You Broke It

Dan Kunz

One of the things I most appreciate about my daughters, is that they hold their kids accountable.  Whether five or fifteen, they are being taught to be responsible.  Some wash their own clothes.  Others load the dishwasher.  They love to help their moms cook or bake.  If they’re old enough, they mow the lawn.  I’m amazed that they all get at their homework and complete it without whining, crying, or procrastinating.  (They didn’t learn that from me!)  Unfortunately, because so many parents today don’t hold their children responsible for the things they do, a pretty sizable portion of the population is growing up in a way which spells trouble for them down the road. If you broke it, you fix it. If you messed up your room, you clean it up. If you hurt someone, physically or emotionally, you make things right with them. People who grow up with such a mindset will probably go far in this world, simply because so many people don’t operate that way.

 

One of the most important lessons parents can teach their kids is that choices have consequences. I was shocked to learn the average person makes over 30,000 choices every day, all the way from choosing what to have for breakfast to what career path to pursue. Obviously, some choices have minimal consequences, and some have enormous consequences. Some people make great choices and end up with a good job, spouse, and family. Others make poor choices and end up homeless, incarcerated, or dead. Making choices is part of learning responsibility, too.

 

Unfortunately, there are some things we break which we can’t fix. I’m not a plumber or an electrician.  If I hit a deer with my truck, I’m not fixing that!  Some things we mess up and can’t clean up.
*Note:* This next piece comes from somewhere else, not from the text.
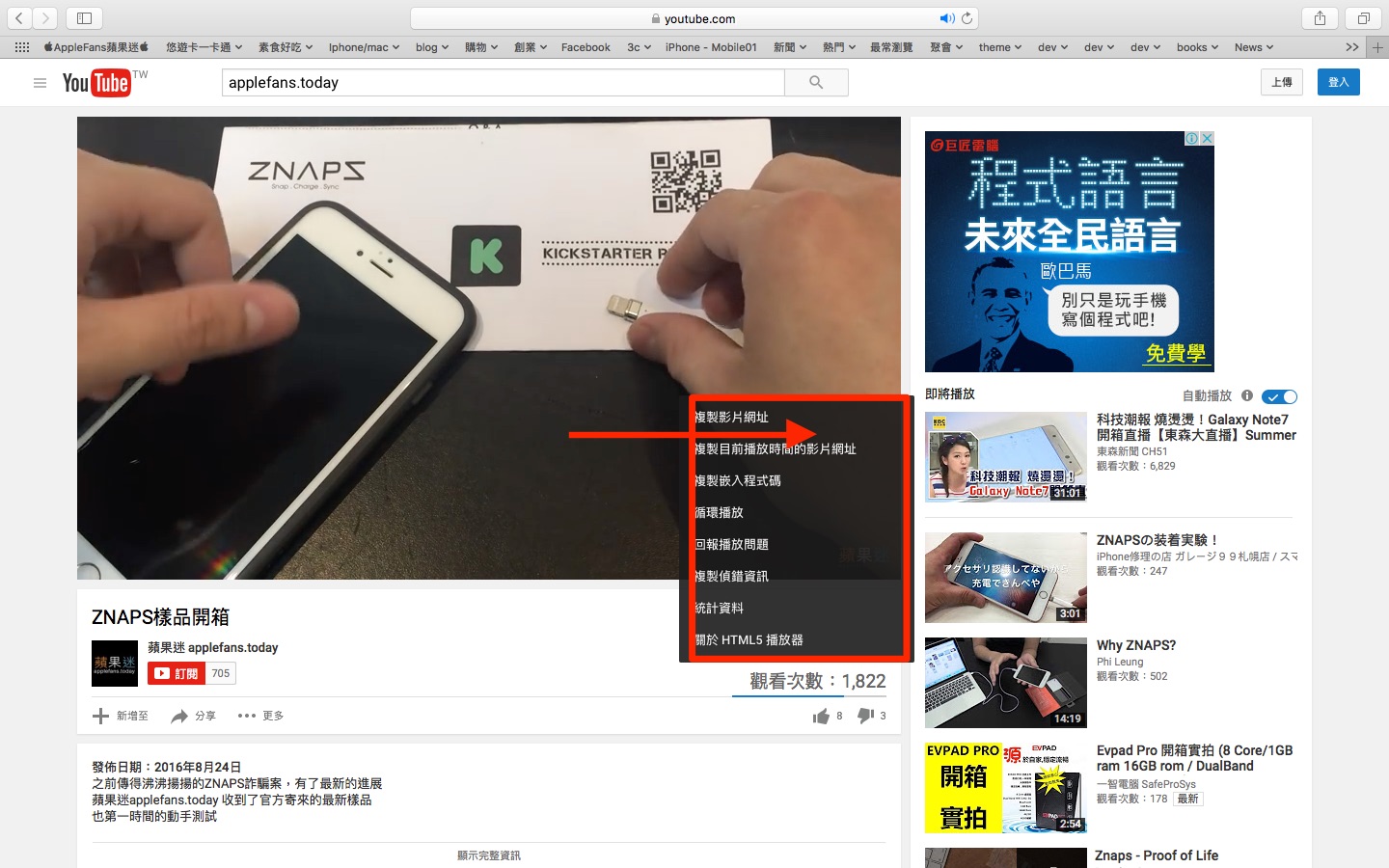 這一篇文章將逐步帶各位操作 macOS Sierra 的新功能~Youtube PIP (畫中畫功能),首先請打開你的 Mac Safari 瀏覽器並且連接上 Youtube 網頁,點擊網頁的任合一段影片之後,在影片上按右鍵,會出現如圖中的黑色背景選單,當中是不會發現 PIP 的選項的。
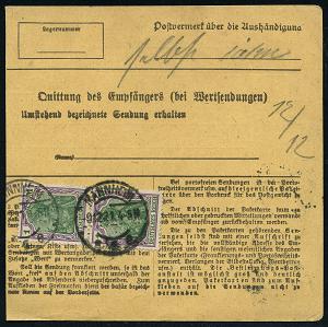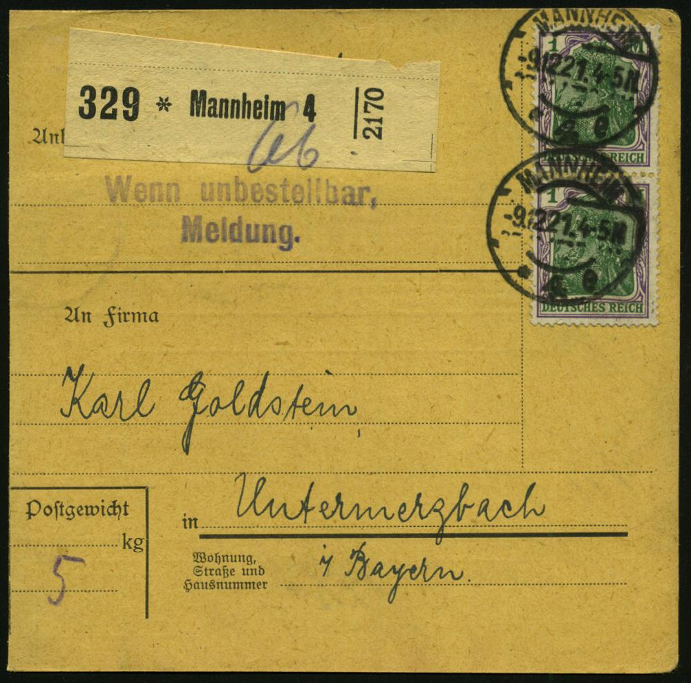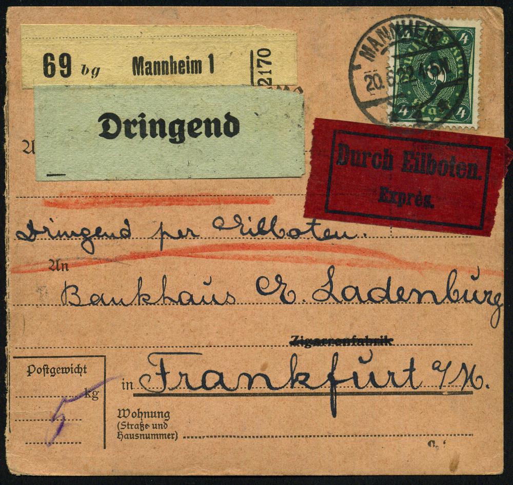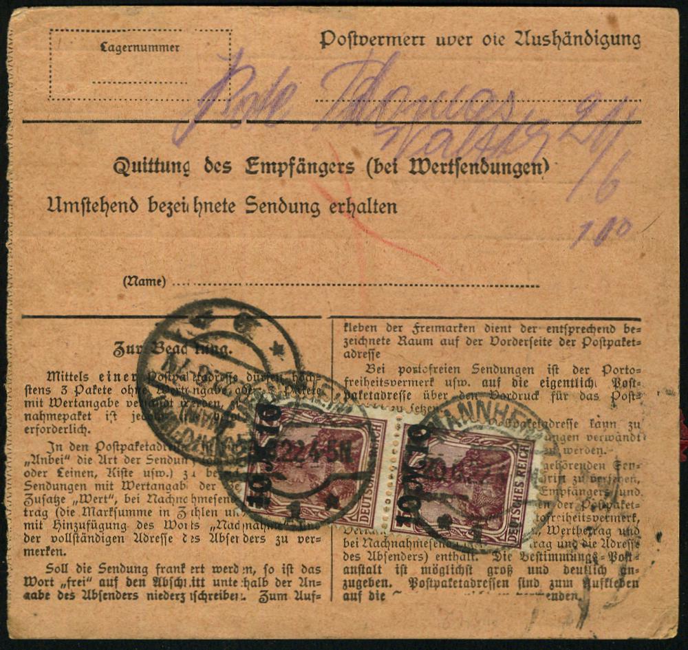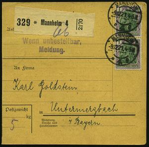 2680 | 20 € | 6800 Mannheim Allgemeine Belege : MANNHEIM/ *1* 1922 (20.6.) 1K-Brücke auf 4 Mk. Posthorn, grün + rs. 2x 10 Mk./75 Pf. Germania , klar gest. Inl.-Eil-Paket-Karte n. Ffm., rs. AS. (Mi.2x 157, 193) | ![]() ![]() | |

If I accidentally spill a bag of fertilizer on the lawn, some is going to stay there.  No matter how responsible we are taught to be, we don’t always have the tools to make everything right again.  Fortunately, we have a God who can do anything. He can create a universe with just a word. He can mold a bucket of dirt into a walking, talking, thinking human being. He can come into the world as a tiny baby, grow into a man, die on a cross and fix every commandment we’ve broken and every mess we’ve made in our lives.

 

So-called “helicopter parents” or “bulldozer parents” really aren’t doing their kids any favors in this life. When they follow their child around, trying to clean up every mess they make, the child never learns responsibility.  When they strive to make their child’s life “happy” by clearing out every obstacle in their path, the child never learns to fend for himself or herself.  Having a God who loves us, wants us to be happy, and can restore us to perfection, is a different story. God, from eternity, had a plan for us. Through his Son, our brother, Jesus Christ, he executed the plan for us, because we could not do it ourselves.  He fixes our brokenness and cleans up the mess we make of our lives.  Jesus lived a perfect life and died a perfect death so we could be “unbroken” and “clean”.

 

It’s important to fix what you break and clean up your messes, but it’s even more important to know who, ultimately, is responsible for your eternal life!  II Corinthians 5:19 That is, God was in Christ reconciling the world to himself, not counting their sins against them. And he has entrusted to us the message of reconciliation.